The sergeant nodded impatiently. He was thinking of the fifteen-mile ride before him that afternoon, to the windward side of the island, and of Berthe, the pretty half-caste daughter of Lafiere, the pearl-trader, who was waiting for him at the end of it.
"Well, I am not Ah Chow. I am Ah Cho. The honourable jailer has made a mistake. Ah Chow is a tall man, and you see I am short."
The sergeant looked at him hastily and saw the mistake. "Schemmer!" he called, imperatively. "Come here."
The German grunted, but remained bent over his task till the chunk of iron was lashed to his satisfaction. "Is your Chinago ready?" he demanded.
"Look at him," was the answer. "Is he the Chinago?"
Schemmer was surprised. He swore tersely for a few seconds, and looked regretfully across at the thing he had made with his own hands and which he was eager to see work. "Look here," he said finally, "we can't postpone this affair. I've lost three hours' work already out of those five hundred Chinagos. I can't afford to lose it all over again for the right man. Let's put the performance through just the same. It is only a Chinago."
The sergeant remembered the long ride before him, and the pearl-trader's daughter, and debated with himself.
"They will blame it on Cruchot-if it is discovered," the German urged. "But there's little chance of its being discovered. Ah Chow won't give it away, at any rate."
"The blame won't lie with Cruchot, anyway," the sergeant said. "It must have been the jailer's mistake."

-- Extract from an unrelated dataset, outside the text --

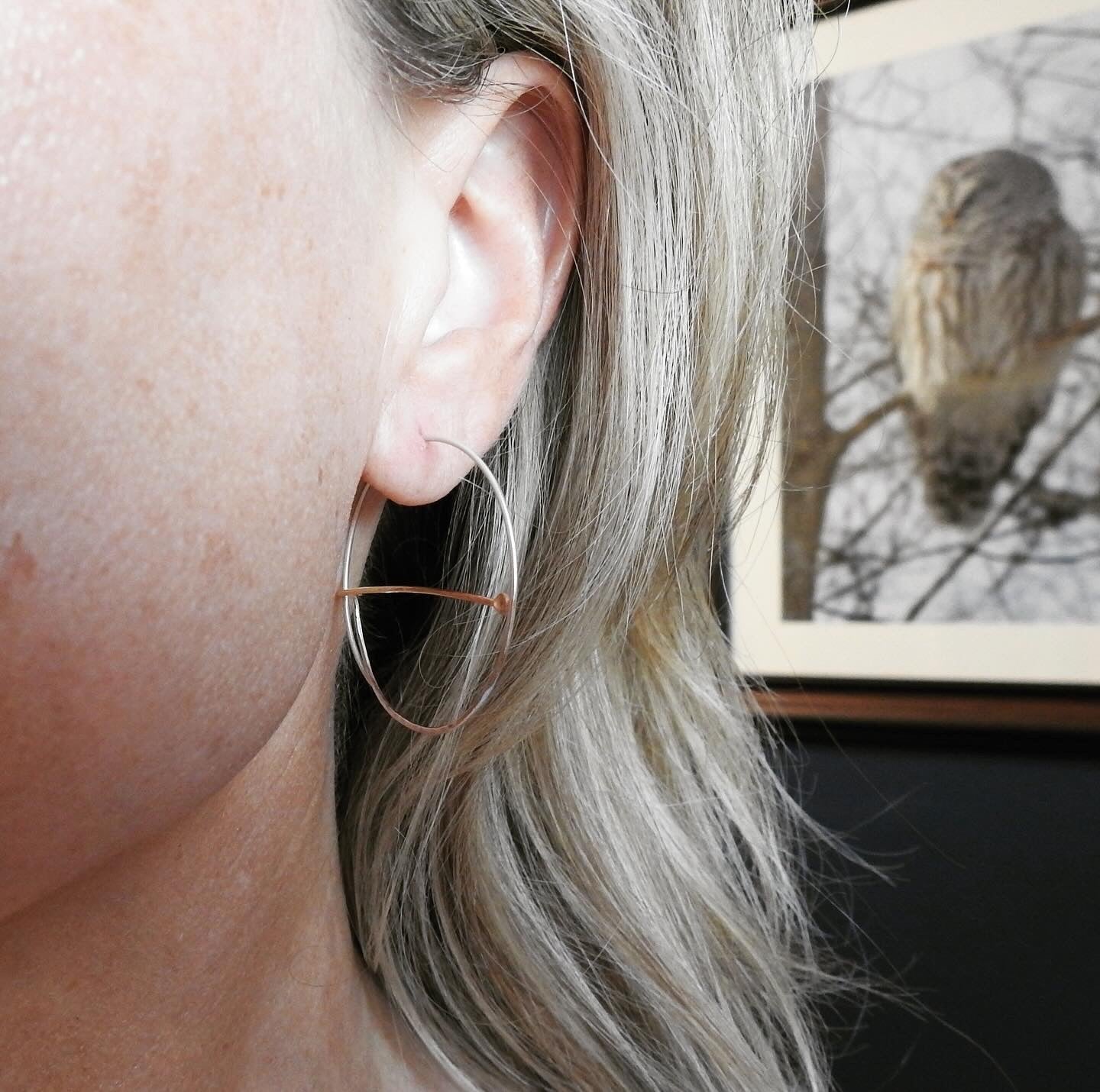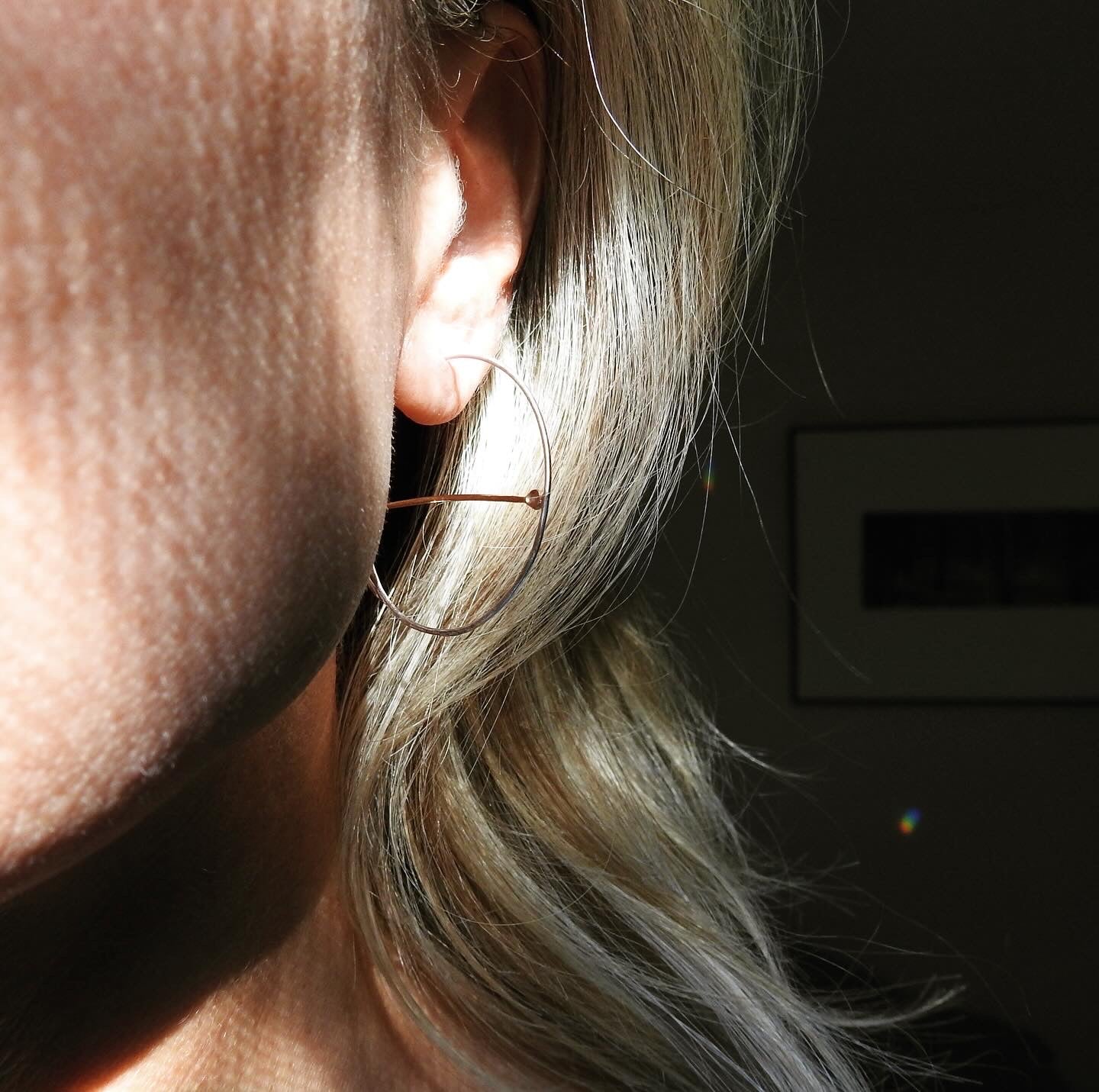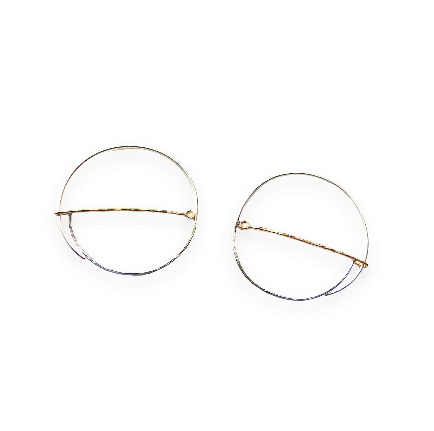 Thin solid lightweight hoops available in two tone or all one colour planished detailing with matte accent.

"Then let's go on with it. They can't blame us. Who can tell one Chinago from another? We can say that we merely carried out instructions with the Chinago that was turned over to us. Besides, I really can't take all those coolies a second time away from their labour."
They spoke in French, and Ah Cho, who did not understand a word of it, nevertheless knew that they were determining his destiny. He knew, also, that the decision rested with the sergeant, and he hung upon that official's lips.
"All right," announced the sergeant. "Go ahead with it. He is only a Chinago."
"I'm going to try it once more, just to make sure." Schemmer moved the banana trunk forward under the knife, which he had hoisted to the top of the derrick.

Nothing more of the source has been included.